Data for the task:
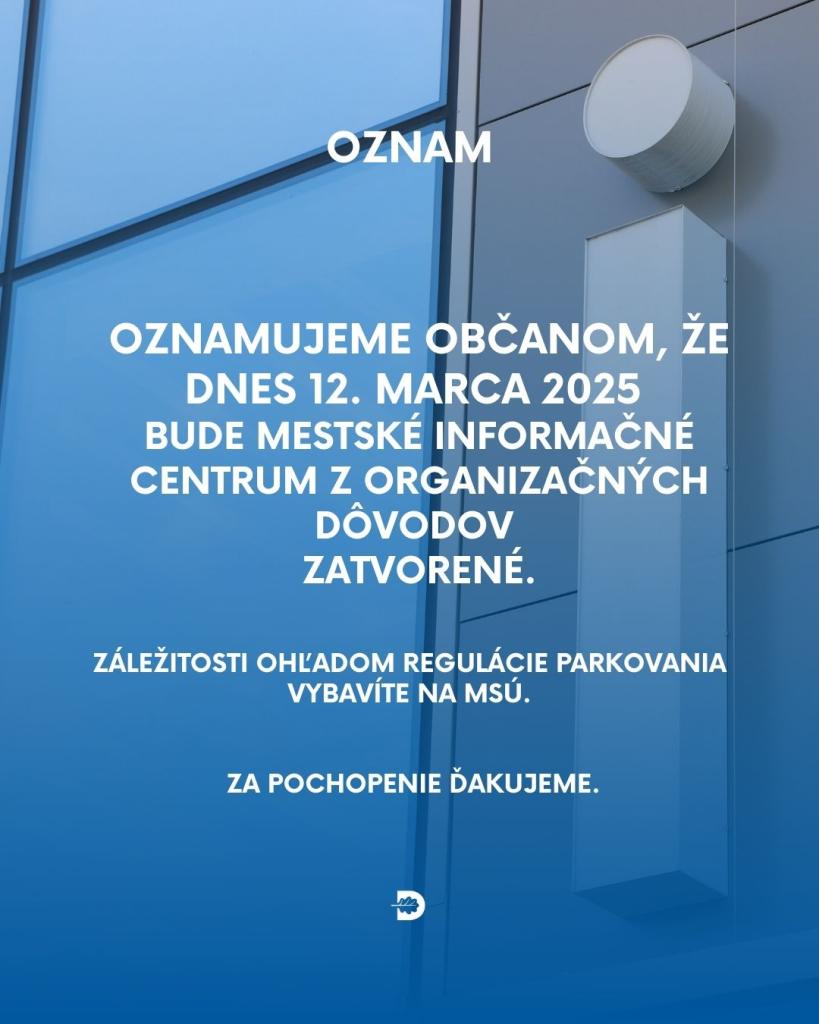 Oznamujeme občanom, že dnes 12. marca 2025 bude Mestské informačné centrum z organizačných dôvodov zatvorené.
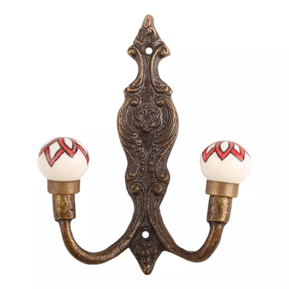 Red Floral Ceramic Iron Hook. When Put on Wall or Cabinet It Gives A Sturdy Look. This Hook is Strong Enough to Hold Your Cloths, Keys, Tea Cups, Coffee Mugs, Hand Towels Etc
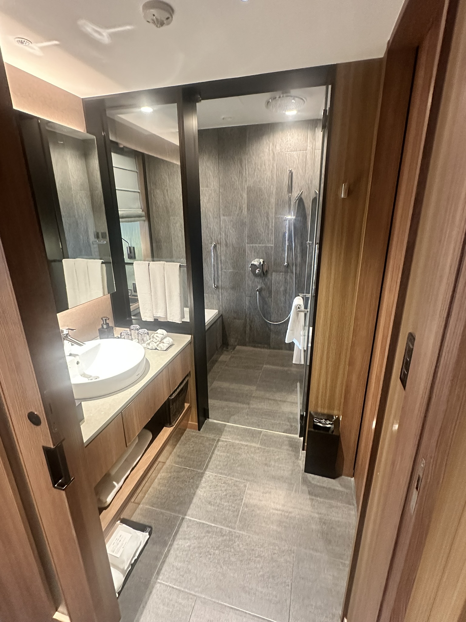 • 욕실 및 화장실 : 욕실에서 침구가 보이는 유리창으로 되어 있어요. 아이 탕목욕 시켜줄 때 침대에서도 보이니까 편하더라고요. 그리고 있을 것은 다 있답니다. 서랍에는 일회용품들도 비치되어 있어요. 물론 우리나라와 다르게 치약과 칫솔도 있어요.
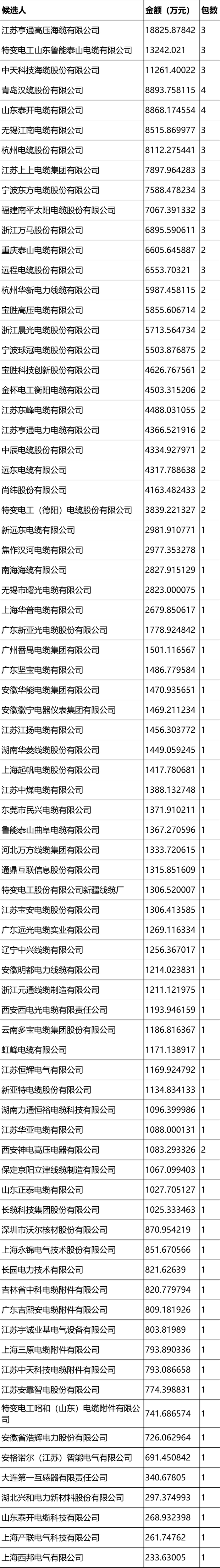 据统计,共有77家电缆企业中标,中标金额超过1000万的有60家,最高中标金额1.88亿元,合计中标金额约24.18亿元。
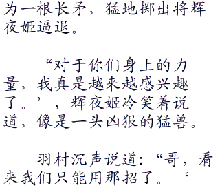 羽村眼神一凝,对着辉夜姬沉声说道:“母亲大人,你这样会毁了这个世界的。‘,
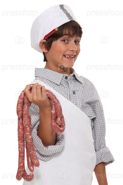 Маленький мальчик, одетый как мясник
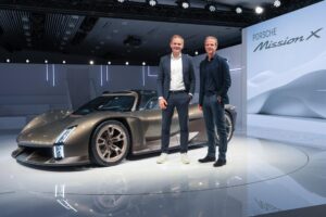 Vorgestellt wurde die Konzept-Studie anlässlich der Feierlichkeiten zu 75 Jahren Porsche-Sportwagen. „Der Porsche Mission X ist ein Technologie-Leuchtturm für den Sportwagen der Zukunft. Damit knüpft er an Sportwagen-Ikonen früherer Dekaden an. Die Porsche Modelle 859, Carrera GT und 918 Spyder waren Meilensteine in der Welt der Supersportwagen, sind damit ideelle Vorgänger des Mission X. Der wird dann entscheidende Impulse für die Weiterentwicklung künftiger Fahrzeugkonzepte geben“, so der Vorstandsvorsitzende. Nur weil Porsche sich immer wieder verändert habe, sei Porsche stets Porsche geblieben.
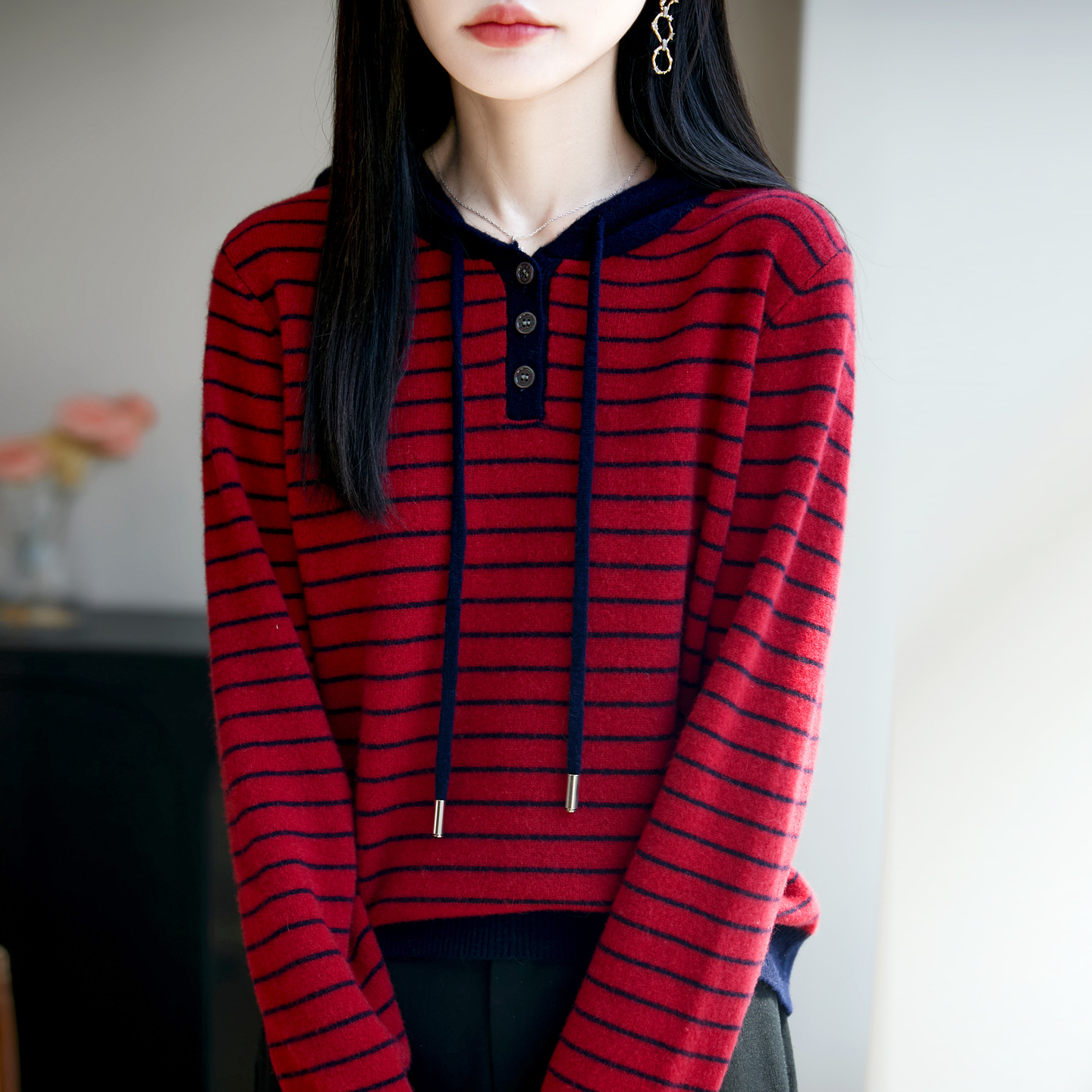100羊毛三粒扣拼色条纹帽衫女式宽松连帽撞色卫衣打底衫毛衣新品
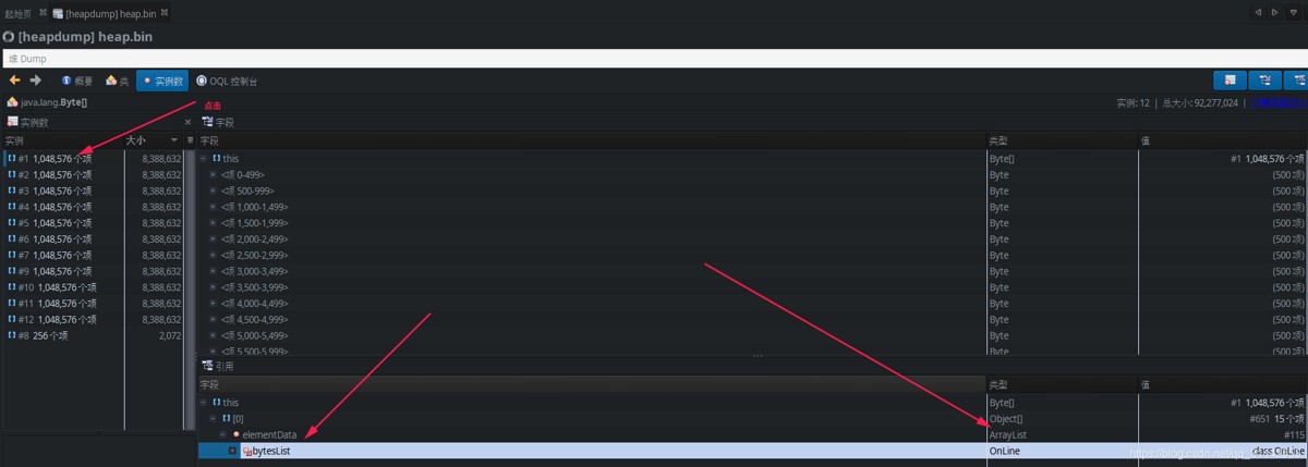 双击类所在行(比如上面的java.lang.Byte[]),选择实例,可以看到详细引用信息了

---

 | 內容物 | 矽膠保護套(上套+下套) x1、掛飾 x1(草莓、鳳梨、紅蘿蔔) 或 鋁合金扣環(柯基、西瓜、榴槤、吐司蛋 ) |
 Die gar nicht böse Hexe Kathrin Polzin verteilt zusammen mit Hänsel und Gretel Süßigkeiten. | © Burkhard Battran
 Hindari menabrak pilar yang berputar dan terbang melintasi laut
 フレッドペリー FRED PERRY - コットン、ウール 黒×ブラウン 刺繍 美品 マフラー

==

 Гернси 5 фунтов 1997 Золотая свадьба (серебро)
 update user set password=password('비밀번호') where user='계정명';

Goal of the exercise:
Up in the listing, locate the line with "100羊毛三粒扣拼色条纹帽衫女式宽松连帽撞色卫衣打底衫毛衣新品"; print it and every line after it down to the line with "双击类所在行(比如上面的ja", which is included too. Skip the pictures.

Output of the task:
100羊毛三粒扣拼色条纹帽衫女式宽松连帽撞色卫衣打底衫毛衣新品
 双击类所在行(比如上面的java.lang.Byte[]),选择实例,可以看到详细引用信息了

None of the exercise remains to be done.